How to Deter Election Conspiracy Theorists and Extremists Mobilizing for Violence on Encrypted Messaging Platforms
October 30, 2024
With one week left before the U.S. election, concerns about online conspiracy theories leading to offline violence are intensifying. The Department of Homeland Security’s Office of Intelligence and Analysis reportedly has been informing law enforcement agencies for weeks about plots by domestic violent extremists to carry out “lone wolf” attacks against election infrastructure, poll workers, and government officials. Sure enough, attacks against ballot boxes have been reported this month in Oregon and Washington state. While warning of a “heightened risk” of election-linked violence, the intelligence agency admitted to being unable to grasp the full scale of the threats due to extremists increasingly using encrypted online spaces.
A recent report by our Center highlighted the double-edged sword nature of encrypted platforms like WhatsApp, Signal and Telegram. On the one hand, they provide essential tools for activists and dissidents to exercise their human rights to freedom of expression and assembly in repressive countries. On the other hand, they provide a secure communications infrastructure for criminals and violent agitators. End-to-end encryption, the cryptographic method that renders message content indecipherable for anyone except the senders and intended recipients, is in this sense actor-agnostic.
While our report mainly addressed abuse of encrypted platforms by political propagandists, it noted the vulnerability of these same spaces to exploitation by violent extremists. Such exploitation is not theoretical: The orchestrators of the January 6, 2021, insurrection at the U.S. Capitol used Signal, among other chat apps, to plan their activities, and in 2020, far-right demonstrators used chat groups on Telegram to galvanize support for storming the German Parliament. Moreover, the DHS memos confirm that this exploitation is ongoing.
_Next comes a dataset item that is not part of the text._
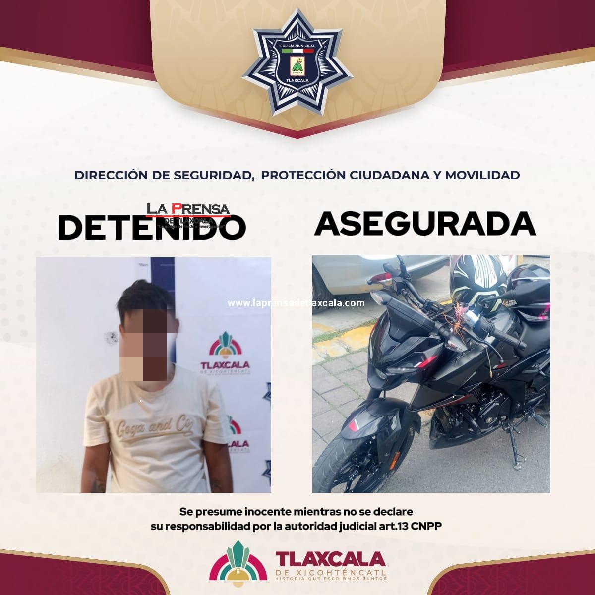 Gracias a la labor de patrullaje preventivo, elementos de la Dirección de Seguridad, Protección Ciudadana y Movilidad del Municipio de Tlaxcala lograron la recuperación de una motocicleta con reporte de robo y la detención de un hombre de 19 años de edad.

Even more concerning, policymakers and platforms seem to be at a loss for how to discern and counter such threats when they appear and spread within the encrypted messaging ecosystem.
While our Center’s recent recommendations were primarily geared toward mitigating the problem of voter manipulation on encrypted apps, their implementation would help deter violent extremist activity on the same apps. A key recommendation is for platforms like Telegram and WhatsApp to resist their “feature bloat” tendency — whereby they continue adding virality-promoting features to encrypted messaging.
Combining broadcasting and social media features with encrypted chats enables both propagandists and extremists to carry out propaganda dissemination, recruitment, coordination, and mobilization for violence all in the same app. Thus, to stymie such efforts, the platforms should bifurcate their disparate services, applying end-to-end encryption only to individual and small group chats while leaving the rest of the content subject to rigorous moderation, third-party research, and — where legal and necessary — law enforcement investigation. Moreover, all platforms should have robust user reporting tools such that any plans for violence can be swiftly brought to platforms’ attention and escalated to law enforcement as appropriate.